If you don't believe it, follow this.

In a series of 1 -10 there is 1 digit that contains a 3. 1 of 10 = 10%.

In a series of 1 - 100, each set of 10 contains 1 as above, except for the 30's series which contains 10. 10 for the 30's series plus 1 for all the other sets of 10 = 19. 19 of 100 = 19%. You can continue this sequence for every power of 10. At 1000, there are 271 3's. 19 for each series of 100 plus 100 for the 300's series. Extrapolate this far enough and you will see that at 1E66 (1 followed by 66 zeros), 99.9E65 numbers contain at least one digit 3. This means that 99.9 percent of the numbers less than 99.9E65 contain a digit 3. Therefore to the nearest percentage, 100% of numbers contain a digit 3. As you approach infinity this number will get closer and closer to 100%, but never reach it.

And yes, this is true for all digits except zero.
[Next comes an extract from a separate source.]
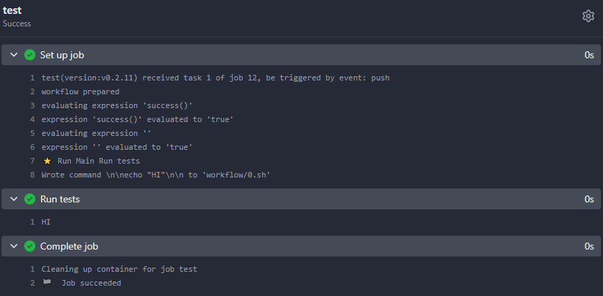 "jobs"는 실제 실행한 동작과 관계된다. "runs-on"의 경우, 해당 동작을 실행할 컨테이너를 띄울 이미지를 설정할 수 있다. 기본값으로는 ubuntu:latest 이미지가 활용되는 것으로 보이며, 커스터마이징도 가능하다. "self-hosted"는 별도 컨테이너를 띄우지 않고 push 등 동작이 발생한 로컬 환경에서 action을 수행하도록 한다. "steps" 하위에 여러 개의 "name"과 "run"을 순차적으로 동작하도록 배치가 가능하다.

I have got the idea that as a number contains more and more digits, it is more likely that every digit will appear there. Just a couple of comments: 99.9E65 should be 9.99E65 (otherwise it will be bigger than the limit -- 1E66). I don't understand (this is for sure, but the previous one was for a discussion in different direction) why you exclude zero. It should have the same percentile as the other digits ... which you put it 100%.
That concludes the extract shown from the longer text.